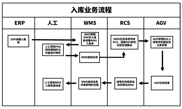 1.货物到货后,人工对货物进行检验,检验合格后人工下发物资入库任务。
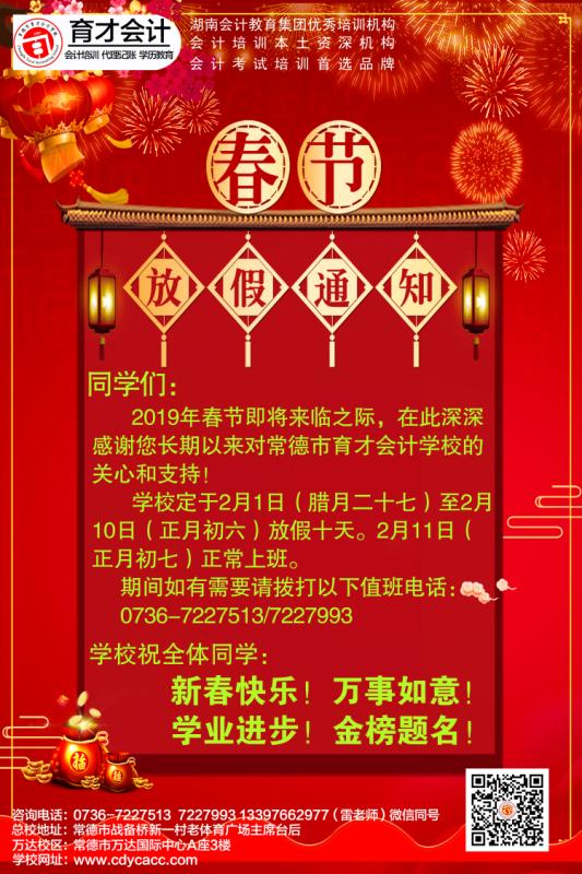 2019年春节即将来临之际,在此深深感谢您长期以来对常德市育才会计学校的关心和支持!
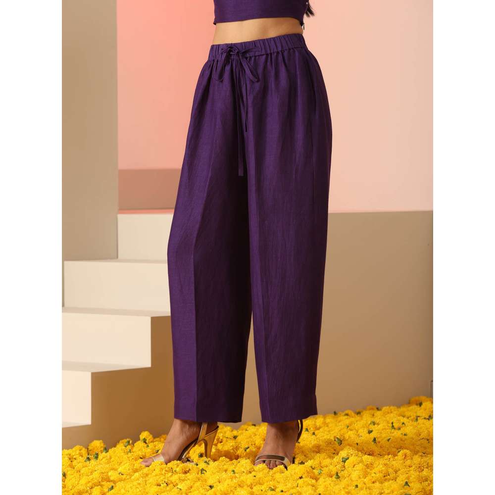 Description : A purple three piece set, embroidered in Resham, cut dana and tiny mirrors.
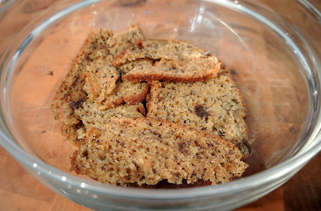 Cut the banana bread into slices and lay in the bottom of a glass dish.
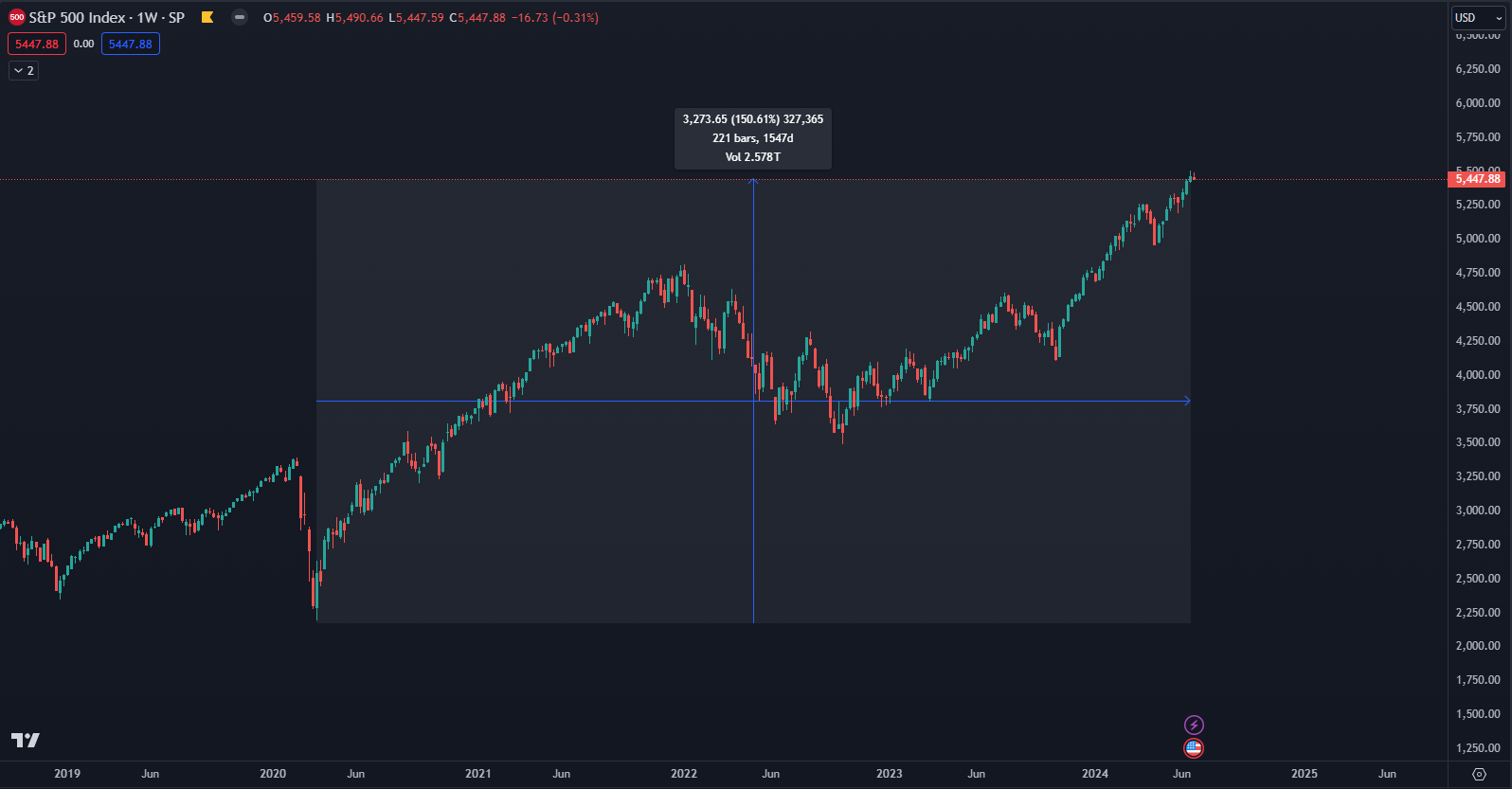 V tejto kapitole si budeme analyzovať zhodnotenie investície za posledné 4 roky. Budeme si ilustrovať scenár, kedy ste nakúpili index S&P 500 jednorazovo na trhovom minime v marci 2020, kedy začala globálna Covid pandémia. V tom čase totiž ceny zaznamenali výrazný cenový pokles.

□ □ □

- [ABOUT THIS EXERCISE]: Exactly the lines from the top of the listing through the line holding "Cut the banana" should be repeated, with pictures left out.

- [SOLUTION]:
 1.货物到货后,人工对货物进行检验,检验合格后人工下发物资入库任务。
 2019年春节即将来临之际,在此深深感谢您长期以来对常德市育才会计学校的关心和支持!
 Description : A purple three piece set, embroidered in Resham, cut dana and tiny mirrors.
 Cut the banana bread into slices and lay in the bottom of a glass dish.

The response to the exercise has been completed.